Following such removal, Tenant shall certify in writing to Landlord that all
such removal is complete.

       19.6.  Assignment and Subletting.  Notwithstanding the provisions of
              -------------------------
Paragraph 9 of this Lease, it shall not be unreasonable for Landlord to
withhold its consent to any assignment, sublease or other transfer of the
Tenant's interest in this Lease if a proposed transferee's anticipated use of
the Premises involves the generation, storage, use, sale, treatment, release or
disposal of any Hazardous Substance.

       19.7.  Indemnity.

           19.7.1.  By Tenant.  Tenant shall indemnify, defend and hold harmless
                    ---------                                                   
Landlord, its employees and agents, any persons holding a security interest in
the Premises, and the respective successors and assigns of each of them from and
against any and all claims, demands, liabilities, damages, fines, losses, costs
(including without limitation the cost of any investigation, remedial, removal
or other response action required by Environmental Law) and expenses (including
without limitation attorneys' fees and expert fees in connection with any trial,
appeal, petition for review or administrative proceeding) arising out of or in
any way relating to the use, treatment, storage, generation, transport, release,
leak, spill, disposal or other handling of Hazardous Substances on the

Page 9 of 13
<PAGE>
 
Premises by Tenant or any of its contractors, agents or employees or invitees.
Tenant's obligations under this paragraph shall survive the expiration or
termination of this Lease for any reason. Landlord's rights under this paragraph
are in addition to and not in lieu of any other rights or remedies to which
Landlord may be entitled under this agreement or otherwise.

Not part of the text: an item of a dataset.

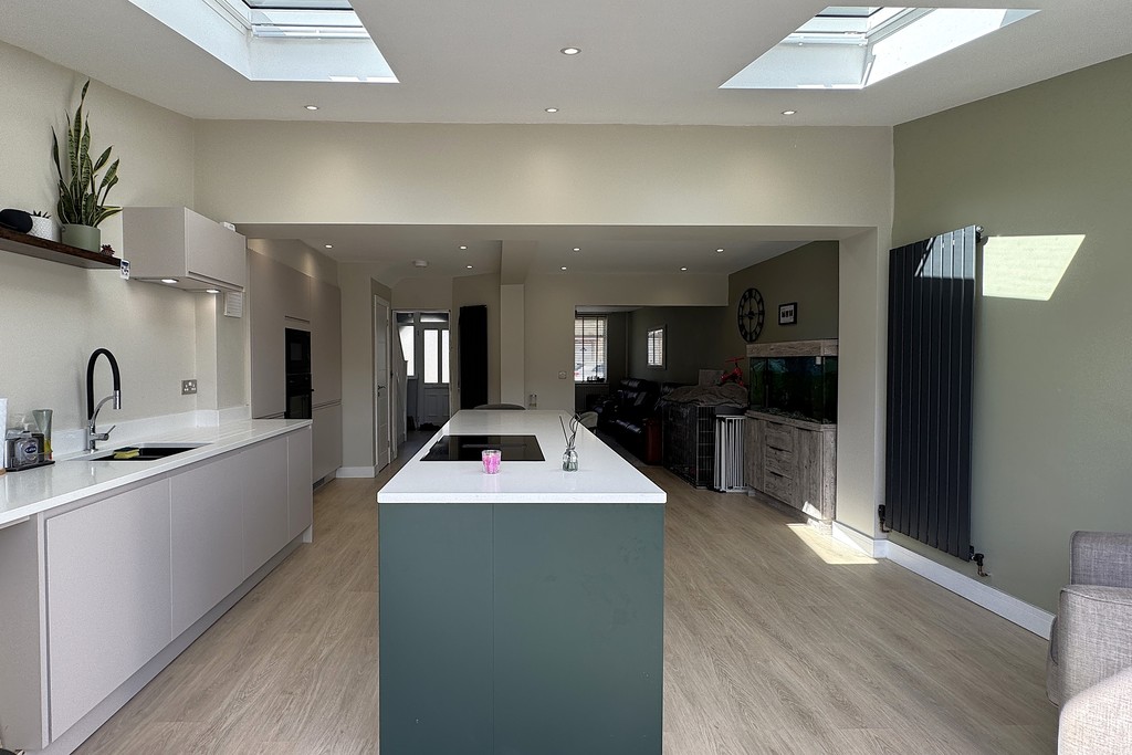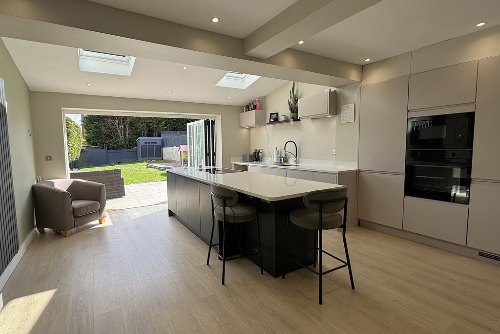 KITCHEN/DINER 14' 10" x 20' 4" (4.53m x 6.2m) Recently extended, this impressive open‑plan kitchen diner offers a modern, light‑filled space with bi‑fold doors opening onto the newly laid patio, creating an ideal setting for entertaining. Two Velux windows ensure natural light pours in throughout the day. The kitchen is fitted with sleek contemporary wall and base units topped with quartz work surfaces and an undermount sink, while a central island provides drawer storage, a breakfast bar and houses the AEG induction hob. Integrated AEG appliances include an eye‑level oven and microwave, fridge, freezer, dishwasher and washing machine, with space and venting for a tumble dryer. LED lighting, two vertical radiators and laminate wood flooring complete this stylish and practical space
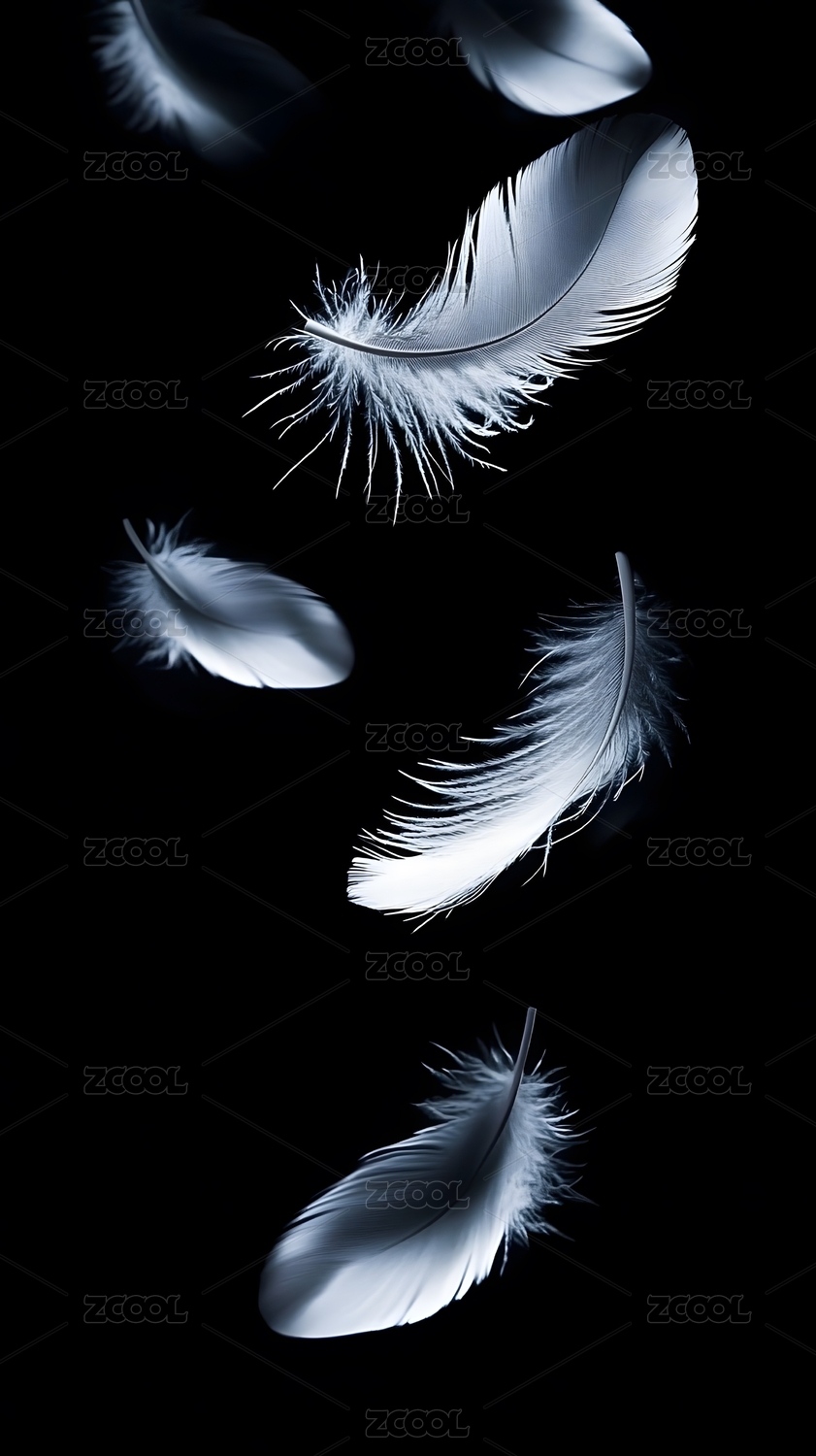 黑底白羽轻盈飘落 艺术摄影宁静氛围

           19.7.3.  By Landlord.  Landlord shall indemnify, defend and hold
                    -----------                                            
harmless Tenant and its employees and agents and the respective successors and
assigns of each of them from and against any and all claims, demands,
liabilities, damages, fines, losses, costs (including without limitation the
cost of any investigation, remedial, removal or other response action required
by Environmental Law) and expenses (including without limitation attorneys' fees
and expert fees in connection with any trial, appeal, petition for review or
administrative proceeding) arising out of or in any way relating to the actual
or alleged use, treatment, storage, generation, transport, release, leak, spill,
disposal or other handling of Hazardous Substances on the Premises by Landlord,
or any of its contractors, agents or employees or by Landlord's previous tenants
of the Premises.  Landlord's obligations under this paragraph shall survive the
expiration or termination of this Lease for any reason.  Tenant's rights under
this paragraph are in addition to and not in lieu of any other rights or
remedies to which Tenant may be entitled under this Agreement or otherwise.

   20. OPTION TO RENEW.

       20.1.  If not then in default, Tenant shall have the option to renew this
lease for two additional 5-year terms by giving Landlord written notice of
intent to extend at least 180 days prior to expiration of the preceding term.
All provisions of this lease shall apply during the extended term, except that
rent for the renewal period shall be an amount determined on a fair market value
basis and agreed upon by parties at least 90 days prior to commencement of the
renewal period.  If Tenant elects not to exercise the first 5-year renewal
period, then the second 5-year renewal period shall be null and void.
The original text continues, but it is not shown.